Restate the listing below word for word; no picture is to be carried over.

▬▬▬

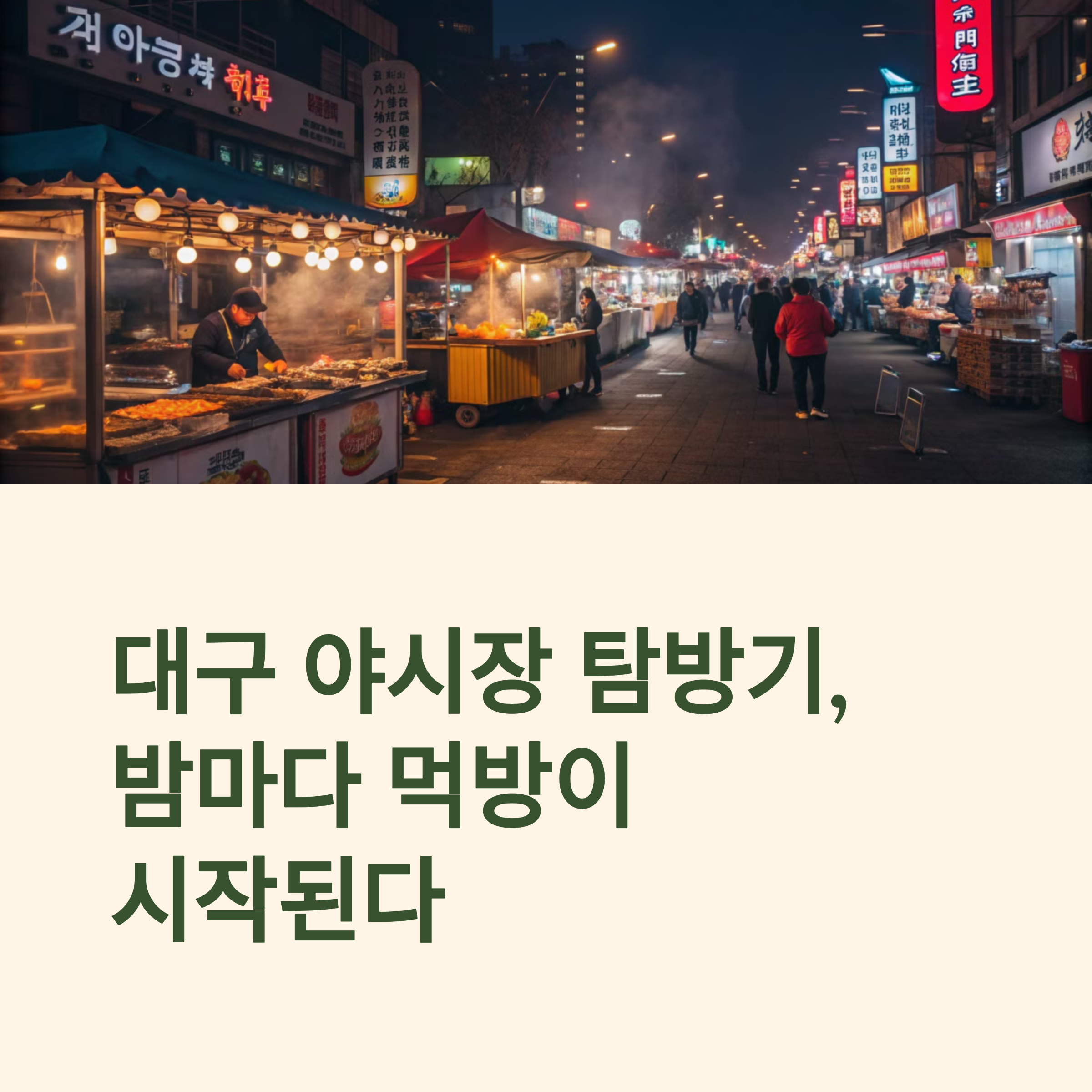 오늘은 대구의 밤을 화려하게 수놓는 야시장을 소개해드릴게요. 이곳은 단순한 먹거리 장터를 넘어서 지역 주민들과 여행객들이 어울려 만들어가는 문화와 정이 넘치는 공간이랍니다. 대구라는 도시가 가진 따뜻한 정서와 열정이 이 야시장 속에 고스란히 담겨 있는 걸 느낄 수 있었어요. 특히 다양한 먹거리 부스들이 골목골목을 가득 채우고 있어 밤만 되면 미식가들의 천국으로 바뀌는 장소! 야시장에서는 단순한 식사보다도 사람과의 소통, 그리고 순간을 즐기는 감성이 훨씬 중요하다는 것을 다시 느끼게 되었답니다. 이번 글을 통해 여러분도 마치 대구 야시장을 직접 걷는 듯한 생생함을 느껴보셨으면 좋겠어요.
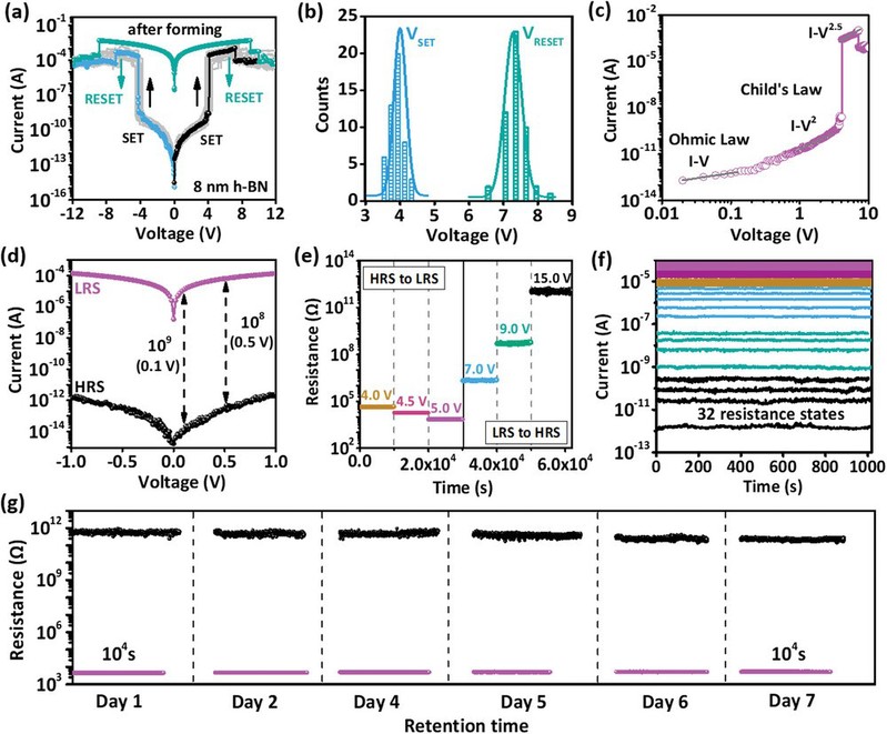 2. 石墨烯/α-ln2Se3/h-BN/金范德华异质结忆阻器的电学性能(其中,h-BN厚度为8nm)。(a)忆阻器的I-V曲线。(b) 写入SET和重置RESET电压统计分布。(c)对数-对数坐标I-V曲线。(d)高阻态HRS和低阻态LRSI-V曲线。(e)施加不同SETRESET电压后电阻态的保持曲线。(f)施加不同的电压脉冲所记录的32个电阻态。(g) HRSLRS状态下的保持稳定性。
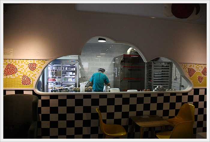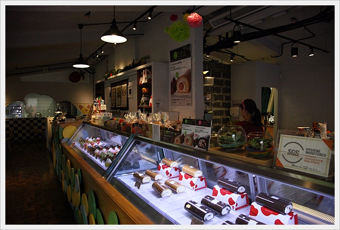 | 2號店裡面還有一個烘培廚房,透過透明廚房的玻璃,可以完整的看到生乳捲的製作過程,透過玻璃窗可以看得很清楚,裡面相當的乾淨,且每製作一次裡面的人就會把用具清洗一次,不會因為反覆在製作烘培,所以器具都沒洗。 |
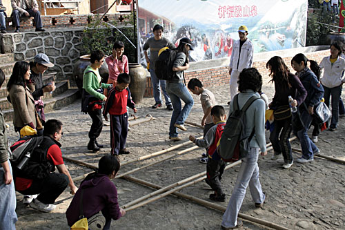 欣賞完客家MM的精彩表演后,同事們開(kāi)始用舞臺(tái)的道具玩起了竹排舞。
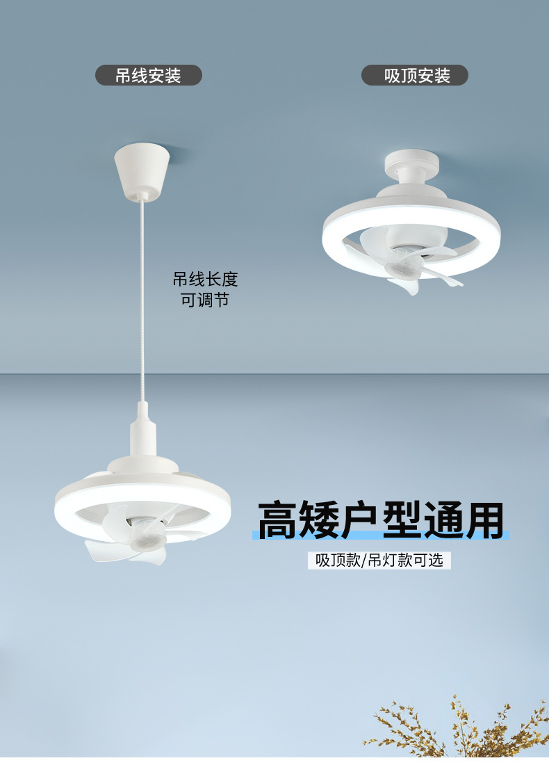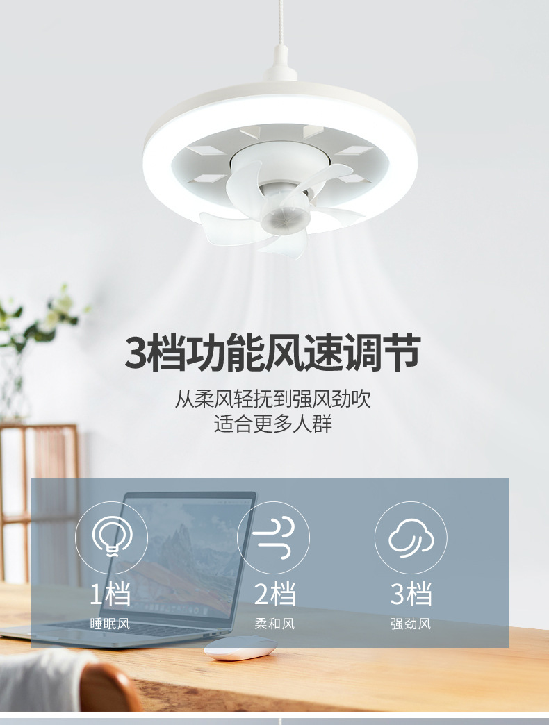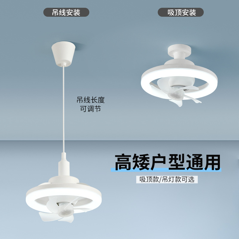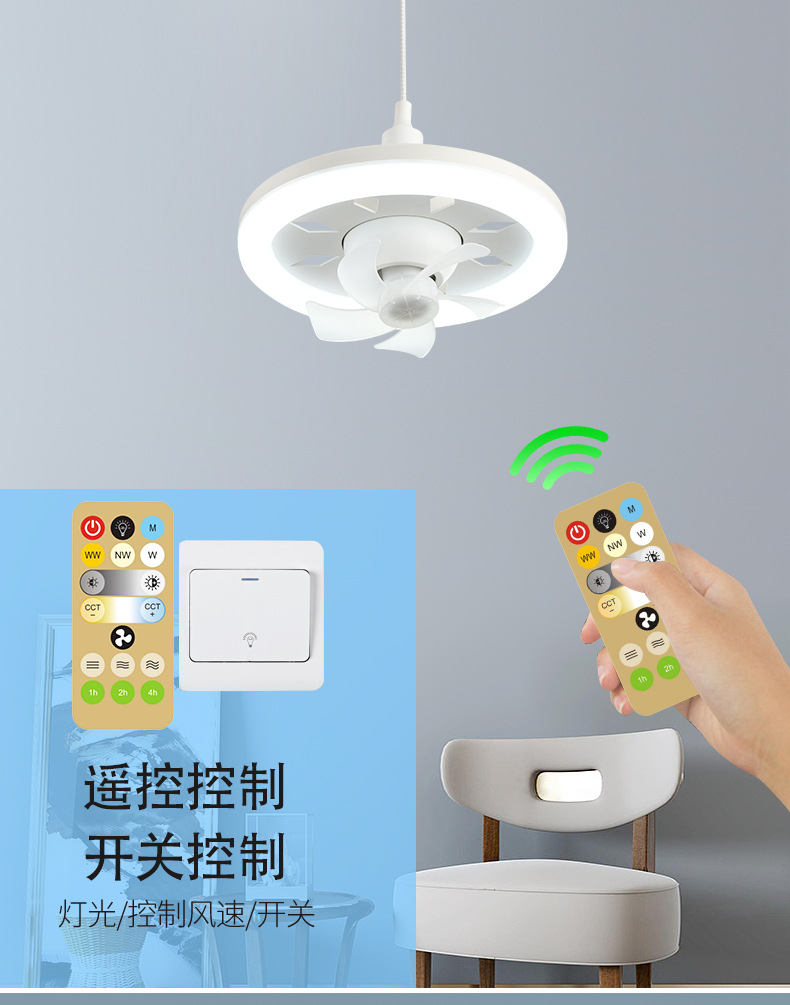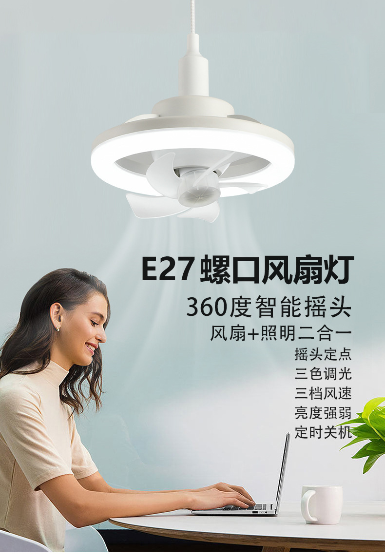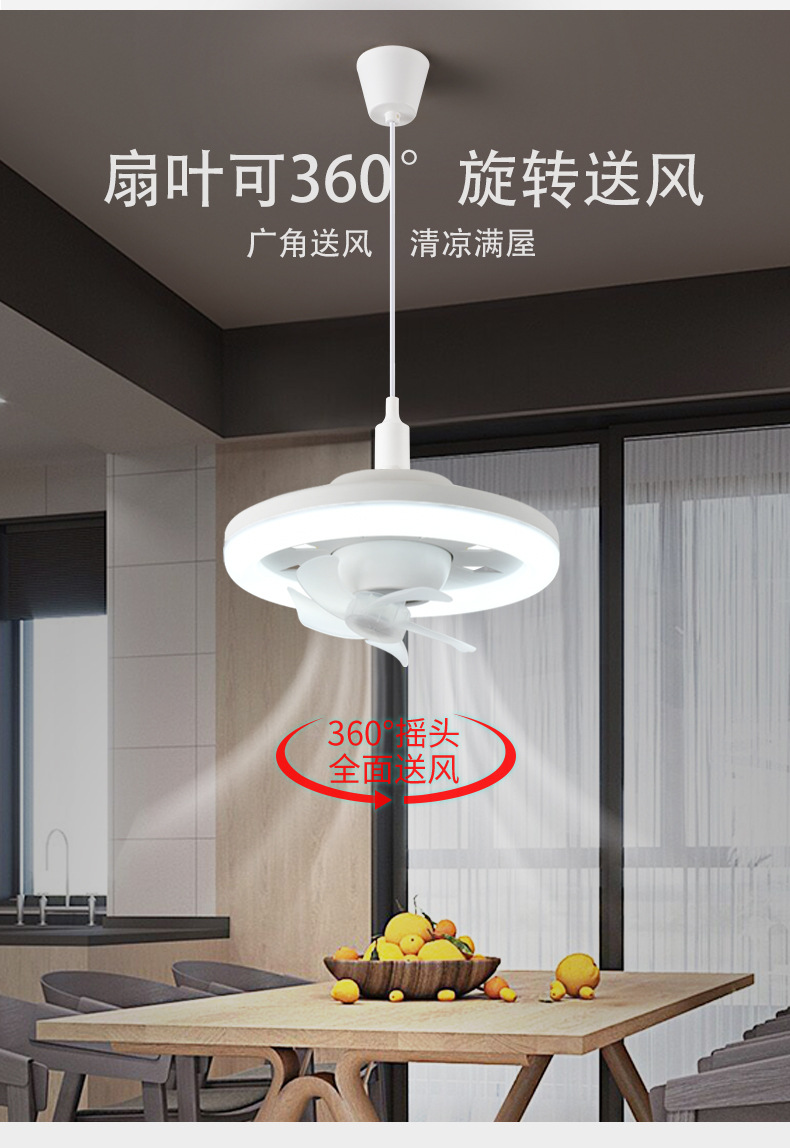 Новая светодиодная лампа с качающейся головкой e27, вентилятор с винтовым креплением, лампа с дистанционным управлением, всасывающий и подвесной, небольшой потолочный вентилятор двойного назначения, люстра для спальни, ресторана
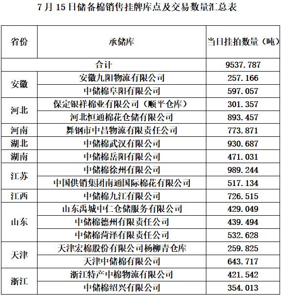 1、7月15日上市銷售儲備棉數(shù)據(jù)明細表(包包檢)
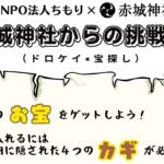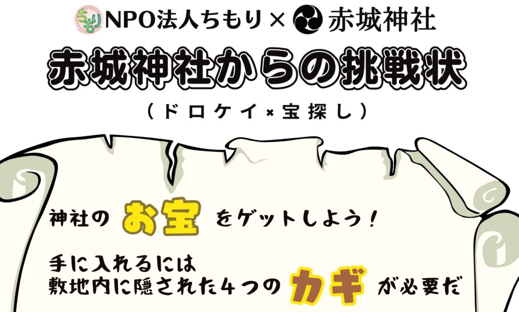 鎮守の森教室がある赤城神社さんとのコラボ企画! 「逃走中」のようにハンターから逃げながら、「カギ」を探してお宝を手にいれるゲームをします。 範囲は神社の敷地内全体!今回も定員があります。お申し込みはお早めに! イベント詳細 日時 2025年11月8日(土)13:30スタート(13:15〜受付、15:00終了予定) ※小雨決行、荒天時中止 会場 赤城神社(佐野市植下町430) 対象 小学生以上※ハンターとしての参加も可能です。その場合、ゴールである「お宝」をもらうことができません。 参加費 300円(保険加入料含む)※参加費は当日集めます。※ゲームに参加しない付添いの方は参加料は不要です。 持ち物 特になし※飲み物(お茶、スポーツドリンク)は主催者側で用意します。※走り回るので、動きやすい服装で来てください。 申し込み方法 1.Googleフォーム 赤城神社からの挑戦状申し込みフォーム 2.電話 0283-24-0503(赤城神社) 申し込み〆切 11月5日(ただし、定員に達し次第、募集を終了いたします) ボランティア募集中! 今回のイベントでは、中学生以上のボランティアも募集しています。 活動内容 ハンター役として子どもたちを追いかける 敷地外に子供が出ないように見守る イベントの様子を写真撮影する その他、イベント進行に必要な活動を行う 謝礼等 謝金はありません。無償のボランティアになります。水分補給用の飲み物は支給いたします。 ボランティア応募方法 ボランティア応募フォームよりご応募ください
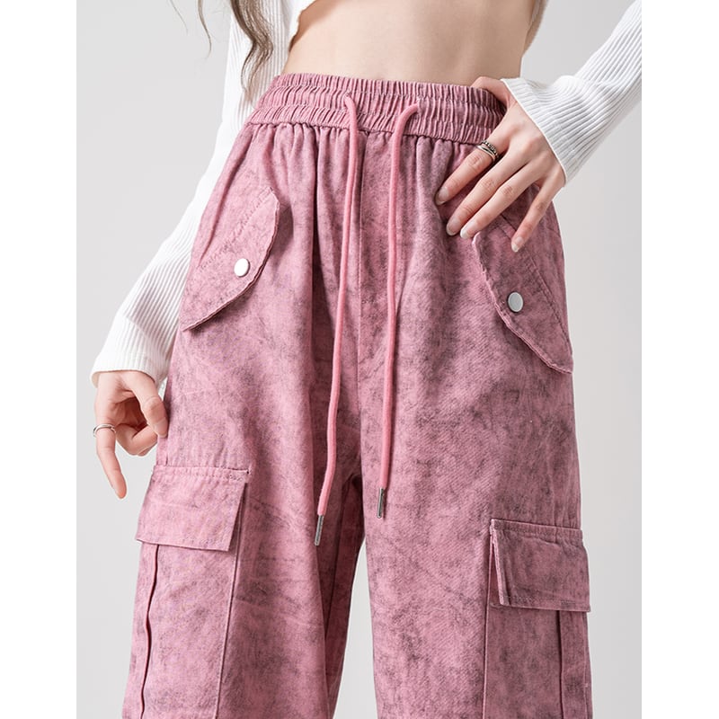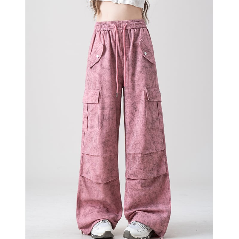 ワイドレッグのカーゴパンツは、ゆったりとしたシルエットとドローストリングウエストが特徴です。複数のポケットが実用性を高め、タウンユースからレジャーまで幅広いシーンで活躍します。着心地の良さとスタイリッシュなデザインを両立した、一枚でコーディネートが決まるアイテムです。
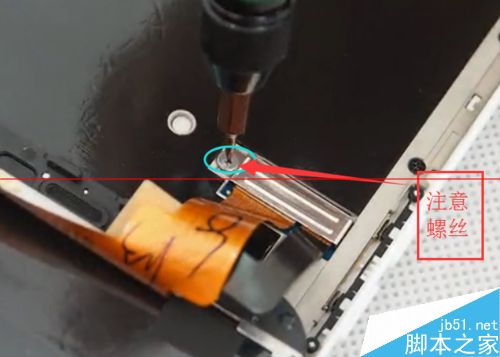 第四步:屏幕与触控的排线是用金属盖片保护着,首先用螺丝刀拧下图中所标记的螺丝,然后用镊子取下金属片,用撬棒分离与主板相连的排线。
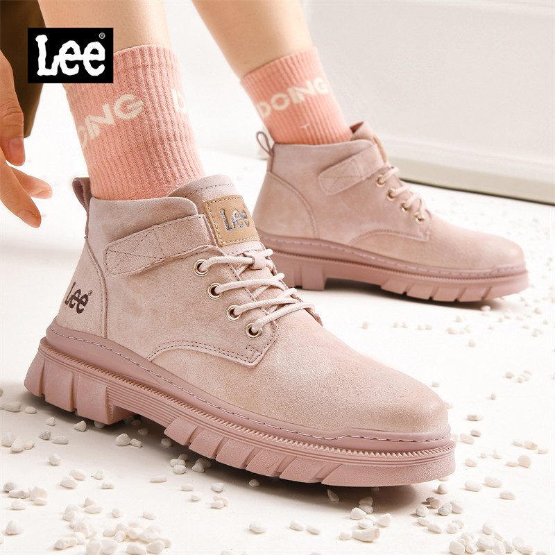 Lee官方真皮大黄靴女款马丁靴冬季英伦加绒短靴厚底粉色马丁靴女
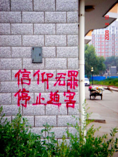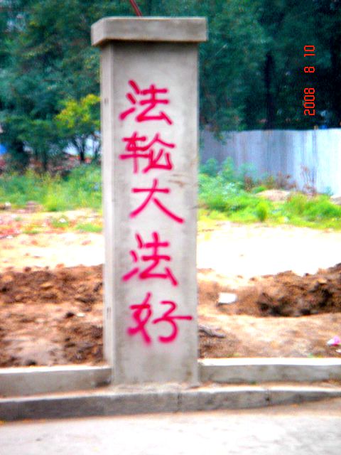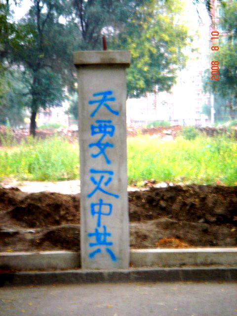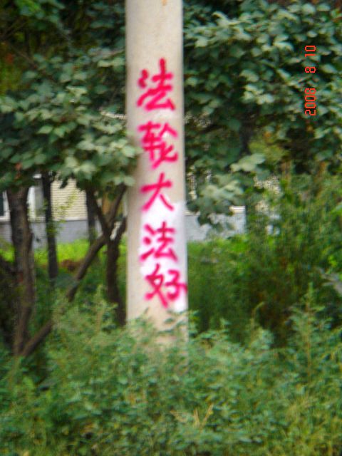 在道路两边的电线杆上、围墙上、家属楼的墙上、大树上等,出现喷漆和不干胶标语。喷漆喷出的标语有:天灭中共、退党保命、声援四千万人退党、信仰无罪,停止迫害、平反法轮功,法办江泽民。
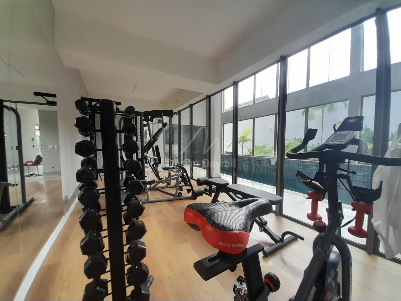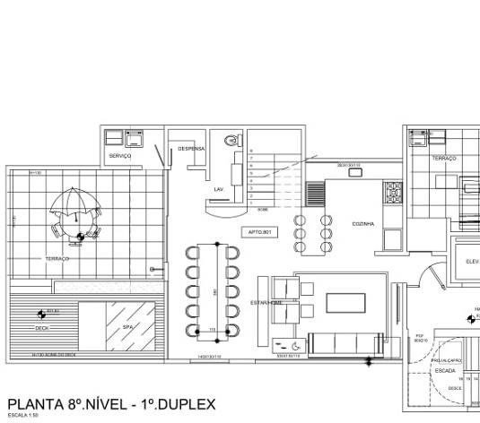 1° nível com 130m²: área interna com 80m²; sala ampla para 2 ambientes piso porcelanato; lavabo; cozinha americana com bancada em granito; área de serviço; terraço livre com 50m² com bancada gourmet.
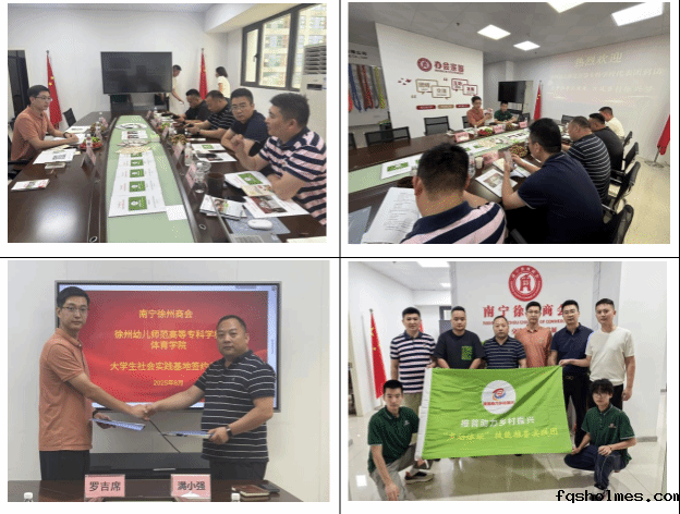 8月25日,实践团首站到访南宁徐州商会,与满小强会长、闵庆鹏执行会长等核心成员开展“推普助力乡村振兴”专题座谈。会上,体育学院团委书记罗吉席播放学校40周年高质量发展大会宣传片,介绍学校办学成果,并围绕“语言赋能乡村振兴”指出商会徐州籍成员的“乡音”传承与“普语”需求,实践团还展示“体育+推普”“乡村+推普”主题海报及宣传手册。座谈中,双方签署“大学生社会实践基地”合作协议,商会将提供实践场地,体育学院组织志愿者下乡推普,校会合作进入实质性阶段,为长期服务乡村振兴搭建平台。

▬▬▬

§ **RESPONSE AREA**:
 오늘은 대구의 밤을 화려하게 수놓는 야시장을 소개해드릴게요. 이곳은 단순한 먹거리 장터를 넘어서 지역 주민들과 여행객들이 어울려 만들어가는 문화와 정이 넘치는 공간이랍니다. 대구라는 도시가 가진 따뜻한 정서와 열정이 이 야시장 속에 고스란히 담겨 있는 걸 느낄 수 있었어요. 특히 다양한 먹거리 부스들이 골목골목을 가득 채우고 있어 밤만 되면 미식가들의 천국으로 바뀌는 장소! 야시장에서는 단순한 식사보다도 사람과의 소통, 그리고 순간을 즐기는 감성이 훨씬 중요하다는 것을 다시 느끼게 되었답니다. 이번 글을 통해 여러분도 마치 대구 야시장을 직접 걷는 듯한 생생함을 느껴보셨으면 좋겠어요.
 2. 石墨烯/α-ln2Se3/h-BN/金范德华异质结忆阻器的电学性能(其中,h-BN厚度为8nm)。(a)忆阻器的I-V曲线。(b) 写入SET和重置RESET电压统计分布。(c)对数-对数坐标I-V曲线。(d)高阻态HRS和低阻态LRSI-V曲线。(e)施加不同SETRESET电压后电阻态的保持曲线。(f)施加不同的电压脉冲所记录的32个电阻态。(g) HRSLRS状态下的保持稳定性。
 | 2號店裡面還有一個烘培廚房,透過透明廚房的玻璃,可以完整的看到生乳捲的製作過程,透過玻璃窗可以看得很清楚,裡面相當的乾淨,且每製作一次裡面的人就會把用具清洗一次,不會因為反覆在製作烘培,所以器具都沒洗。 |
 欣賞完客家MM的精彩表演后,同事們開(kāi)始用舞臺(tái)的道具玩起了竹排舞。
 Новая светодиодная лампа с качающейся головкой e27, вентилятор с винтовым креплением, лампа с дистанционным управлением, всасывающий и подвесной, небольшой потолочный вентилятор двойного назначения, люстра для спальни, ресторана
 1、7月15日上市銷售儲備棉數(shù)據(jù)明細表(包包檢)
 鎮守の森教室がある赤城神社さんとのコラボ企画! 「逃走中」のようにハンターから逃げながら、「カギ」を探してお宝を手にいれるゲームをします。 範囲は神社の敷地内全体!今回も定員があります。お申し込みはお早めに! イベント詳細 日時 2025年11月8日(土)13:30スタート(13:15〜受付、15:00終了予定) ※小雨決行、荒天時中止 会場 赤城神社(佐野市植下町430) 対象 小学生以上※ハンターとしての参加も可能です。その場合、ゴールである「お宝」をもらうことができません。 参加費 300円(保険加入料含む)※参加費は当日集めます。※ゲームに参加しない付添いの方は参加料は不要です。 持ち物 特になし※飲み物(お茶、スポーツドリンク)は主催者側で用意します。※走り回るので、動きやすい服装で来てください。 申し込み方法 1.Googleフォーム 赤城神社からの挑戦状申し込みフォーム 2.電話 0283-24-0503(赤城神社) 申し込み〆切 11月5日(ただし、定員に達し次第、募集を終了いたします) ボランティア募集中! 今回のイベントでは、中学生以上のボランティアも募集しています。 活動内容 ハンター役として子どもたちを追いかける 敷地外に子供が出ないように見守る イベントの様子を写真撮影する その他、イベント進行に必要な活動を行う 謝礼等 謝金はありません。無償のボランティアになります。水分補給用の飲み物は支給いたします。 ボランティア応募方法 ボランティア応募フォームよりご応募ください
 ワイドレッグのカーゴパンツは、ゆったりとしたシルエットとドローストリングウエストが特徴です。複数のポケットが実用性を高め、タウンユースからレジャーまで幅広いシーンで活躍します。着心地の良さとスタイリッシュなデザインを両立した、一枚でコーディネートが決まるアイテムです。
 第四步:屏幕与触控的排线是用金属盖片保护着,首先用螺丝刀拧下图中所标记的螺丝,然后用镊子取下金属片,用撬棒分离与主板相连的排线。
 Lee官方真皮大黄靴女款马丁靴冬季英伦加绒短靴厚底粉色马丁靴女
 在道路两边的电线杆上、围墙上、家属楼的墙上、大树上等,出现喷漆和不干胶标语。喷漆喷出的标语有:天灭中共、退党保命、声援四千万人退党、信仰无罪,停止迫害、平反法轮功,法办江泽民。
 1° nível com 130m²: área interna com 80m²; sala ampla para 2 ambientes piso porcelanato; lavabo; cozinha americana com bancada em granito; área de serviço; terraço livre com 50m² com bancada gourmet.
 8月25日,实践团首站到访南宁徐州商会,与满小强会长、闵庆鹏执行会长等核心成员开展“推普助力乡村振兴”专题座谈。会上,体育学院团委书记罗吉席播放学校40周年高质量发展大会宣传片,介绍学校办学成果,并围绕“语言赋能乡村振兴”指出商会徐州籍成员的“乡音”传承与“普语”需求,实践团还展示“体育+推普”“乡村+推普”主题海报及宣传手册。座谈中,双方签署“大学生社会实践基地”合作协议,商会将提供实践场地,体育学院组织志愿者下乡推普,校会合作进入实质性阶段,为长期服务乡村振兴搭建平台。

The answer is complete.